Alla prima domanda, Tenzer risponde che non esiste un vero e proprio modello di guerra in questo conflitto russo-ucraino. Ogni guerra è diversa, anche se ognuna prende in prestito caratteristiche dalle guerre del passato. 

Se si cerca di capire la guerra dal 2014 al 2022, era già una guerra di distruzione che mirava, in parte, ad annientare il popolo ucraino, anche se non si trattava dello schema di guerra totale come quello messo in atto a partire dal febbraio 2022. Ora, oltre ai militari, si prende di mira la popolazione civile e i russi vogliono soggiogare completamente il Paese. Allo stesso tempo, da parte russa, si cerca di diffondere una serie di narrazioni sempre più invasive di quanto potessero fare i combattenti delle guerre precedenti. La propaganda russa è molto più invasiva di quella nazista, anche perché dispone di tecnologie che non esistevano all’epoca della Seconda guerra mondiale. L’uso dei droni è molto presente in questa guerra, perché si tratta di un’arma decisiva sul campo di battaglia.

Alla seconda domanda, Tenzer risponde che ci sono buoni esempi di trattati di pace stipulati dopo il 1945. C’è il trattato di pace tra la Germania e le potenze alleate. Dal momento che la Germania era diventata una democrazia, con restrizioni al riarmo, è stato possibile stipulare un trattato di pace. Ma avere un trattato di pace con l’attuale Russia è solo la promessa di una nuova guerra. La Russia ha violato più di cento trattati e convenzioni internazionali.

Avere un trattato di pace con la Russia di oggi è il contrario di un trattato di pace. Se è per dare alla Russia la possibilità di ricominciare, non è altro che un tragico gioco di inganni le cui conseguenze in termini di morti saranno spaventose.

Domanda: Durante questi tre anni di guerra, si dice che l’Ucraina non deve vincere e che la Russia non deve perdere. Con gli Stati Uniti di Trump, ci troviamo in questo paradigma e dobbiamo chiederci fino a quando continuerà. Ci saranno cambiamenti di paradigma?

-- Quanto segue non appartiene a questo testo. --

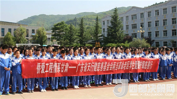西部決策網(wǎng)——西部大開發(fā)訊(帥華鋒 通訊員 馬存福 漆小燕)2018年6月6日,第二十三個(gè)“全國(guó)愛眼日”當(dāng)天, “僑愛工程 情系甘肅”——廣東省天行健慈善基金會(huì)兩當(dāng)革命老區(qū)學(xué)生愛眼護(hù)眼慈善行啟動(dòng)儀式在隴南市兩當(dāng)縣香泉中學(xué)隆重舉行。國(guó)務(wù)院僑務(wù)辦公室國(guó)內(nèi)司張凌處長(zhǎng)、國(guó)務(wù)院僑務(wù)辦公室文化司李永清副處長(zhǎng),國(guó)務(wù)院僑務(wù)辦公室國(guó)內(nèi)司鄒傳彪副處長(zhǎng),甘肅省僑辦僑務(wù)工作處尹清敏處長(zhǎng),隴南市政府副秘書長(zhǎng)、市外僑辦主任馮虎明,隴南市衛(wèi)計(jì)委副主任孫旭東,兩當(dāng)縣人民政府副縣長(zhǎng)陳矛木,中山大學(xué)中山眼科中心王德才教授,中山大學(xué)中山眼科中心陳林興醫(yī)生,廣東省天行健慈善基金會(huì)創(chuàng)會(huì)會(huì)長(zhǎng)蔡光等領(lǐng)導(dǎo)及香泉中學(xué)全校師生800余人出席了本次啟動(dòng)儀式。

Tenzer ritiene che con Trump la situazione non migliorerà. La maggior parte dei leader occidentali ritiene che sia molto difficile che l’Ucraina possa vincere e che l’Occidente debba cercare di controllare la situazione affinché non peggiori. Il relatore ritiene che questa posizione sia ingiusta e in una certa misura criminale. L’Europa non aiuta abbastanza l’Ucraina. I leader occidentali sono responsabili di aver permesso questi crimini in Ucraina. Avrebbero potuto salvare migliaia e migliaia di vite. Non hanno voluto farlo. Lui stesso si sente in colpa per non aver fatto abbastanza per convincere i leader occidentali ad agire diversamente. Ma ci sono anche leader dei paesi nordici o baltici che dicono la stessa cosa: «Non bisogna aiutare l’Ucraina solo finché è necessario, ma fino alla vittoria!».

L’unica vera soluzione per Tenzer è la vittoria dell’Ucraina e la sconfitta della Russia. È quindi necessario cambiare paradigma. Per la maggior parte dei leader è chiaro che non esiste una posizione intermedia e che lo status quo non è auspicabile. Anche se non ci siamo ancora arrivati, Tenzer rimane fiducioso che l’Occidente riuscirà a cambiare in meglio.

L’UE deve contrastare Trump per evitare una falsa pace. C’è anche il problema del Consiglio di Sicurezza, dove si è passati da tre contro due a due contro tre (Russia, Cina, Stati Uniti). Purtroppo, gli Stati Uniti stanno cambiando posizione e si stanno allineando troppo alla Russia e alla Cina. Per Tenzer, Trump vuole avvicinarsi troppo alla Russia. E l’UE deve fare tutto il possibile per impedire una pace fittizia. Perché non c’è razionalità nella mente di Trump e J.D. Vance. Ecco perché gli europei devono opporsi. Già con Obama e Biden, gli europei sapevano che non ci si poteva fidare degli americani. Ma ora, con Trump, gli americani hanno cambiato rapidamente e decisamente campo. Alcuni se lo aspettavano, ma molti sono rimasti bloccati in uno spirito critico.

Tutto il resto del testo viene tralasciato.